Reflections on life, meaning and purpose

Belgium: Suppress the Clergy to Put an End to Clericalism

It is the fruit of the reflection of a dozen people from the Diocese of Liège – laity, priests, and religious sister, who have met each month, for more than a year, “to reflect on the way in which the sacraments are lived today.” The authors say, “because the sacraments as we celebrate them, as we symbolize them, are only one stage in a long historical journey.”

Various subjects are discussed: the place of women in the Church, clericalism, abuse of power, the priesthood… And it is about the priest that the text proposes a permanent reform. “Few of them are capable of true, egalitarian, and therefore fraternal relationships with the Christians around them,” the authors state.

“The ordination of clerics, as currently proposed and lived, is one of the weights that slows down the dynamism and prophetism of the Church. It is urgent to put in place a more authentic practice of Christian communities which goes beyond the too strict barriers of canonical legislation testifying to bygone eras and which often gets in the way of believing the gospel it serves. “Therefore, in order to suppress clericalism, it is necessary to suppress the clergy,” they conclude radically.
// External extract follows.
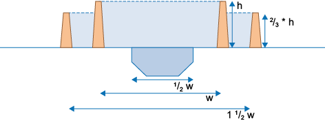 The height of the dikes for river protection is calculated based on the total flood volume remaining within the floodplain w, which is twice the channel width. As shown in Figure S1, this leads to a water height h. If possible, e.g. if the dikes are not located in urban areas, more tolerance of flood plain width is preferable to allow more room for the river, and to reduces the required dike-height. As the Tabasco rivers flow mainly through rural areas, we test the sensitivity by increasing the floodplain to three times the channel width. Since Tabasco is relatively flat, this means that dike heights are two third the height that would be required if the dikes were located directly on the river banks, as illustrated in Figure S1. Table SVII shows the results where we allow for a flood plain of triple the channel width. The economic optimum under an assumption of current climate is now a 100-yr protection standard. Under future climate conditions, the economic optimum remains a 250-yr protection standard.

These authors then invite each baptized person to take their responsibilities because “it is a false good idea to believe that the ordination of married women or men would come to solve the breakdowns that the Church is experiencing.” There is a more effective way in their eyes to overcome these “breakdowns”: “It is the paradigm that must be changed, the spirit of the gospel must be revived, the responsibility of each baptized person must be privileged.”

Bishop Jean Pierre Delville immediately published a press release on February 17, on the website of the Diocese of Liège, protesting against this brochure which “challenges the ordination of priests and passes a conclusive judgment on them.” The Bishop of Liège denounced these words which “many priests, deacons, and lay Christians find to be insulting and unjust.”

He adds that he considers them to be “totally false, when I think of the amount of dedication that I have seen among the priests and other pastoral actors of our diocese in my episcopate of almost ten years.”

Bishop Delville emphasizes “the caricatural nature of this booklet,” which “condemns two thousand years of Christian life,” before reiterating his attachment to the synodal approach requested by Pope Francis, and encouraging everyone “to live his ministry or his service with zeal and fraternity.”

The Bishop of Liège seems to think like most of his colleagues that synodality is the remedy for all current ills, which is called a panacea… or a utopia. 

“They want to abolish the priesthood and the priest,” so “Let us return the Church to Him whose bride it is,” launches an online petition against the brochure published in Liège. In response to “the pamphlet ‘Let’s return the Church to the people of God,’” the organizers of this petition wish to pay a real tribute “to the priesthood and to our priests.” They emphasize the “vein of Protestantism” that runs through the pages of the vindictive pamphlet.

The development that follows the presentation of the petition recalls that the suppression of the priesthood is not urgent, but rather: faith, resistance to the temptation of ambition, knowledge of the Magisterium, and spiritual accompaniment, an authentic communion in the sacraments, the support of priests. It emphasizes how much “this pamphlet encourages a (r)evolution within the Church, advocating ways specific to the fashions of the time.”

And to reaffirm that “denying the legitimacy of the priesthood would amount, sooner or later, to destroying all the sacraments, starting with the Eucharist itself – already so abused by those who see it only as a ‘symbol’ and no longer believe in the real presence of Christ in the consecrated host.”

The petition highlights the possible isolation of priests and the support they need. “Why not create priest communities to allow them to live and pray together? If this is impossible, invite them to dinner, listen to them, break their isolation when they are confronted with it.” – Which is reminiscent of the happy intuition of Archbishop Marcel Lefebvre installing priests in priories, in communities, and not alone in a presbytery.

It is also proposed to “relieve priests from activities that weigh down their ministry or change them into social actors … Thus, they will be more available to respond to the sacramental requests addressed to them. And to quote Padre Pio who “did not hesitate to affirm that the place of the priest is at the altar and in the confessional, adding that all the rest is useless to his ministry.”

“Let us return the Church to the people of God! To put an end to clericalism.” Under this provocative title a document of about fifty pages is being published and distributed in Belgium, which is intended to be “a daring brochure of pastoral theology accessible to all.”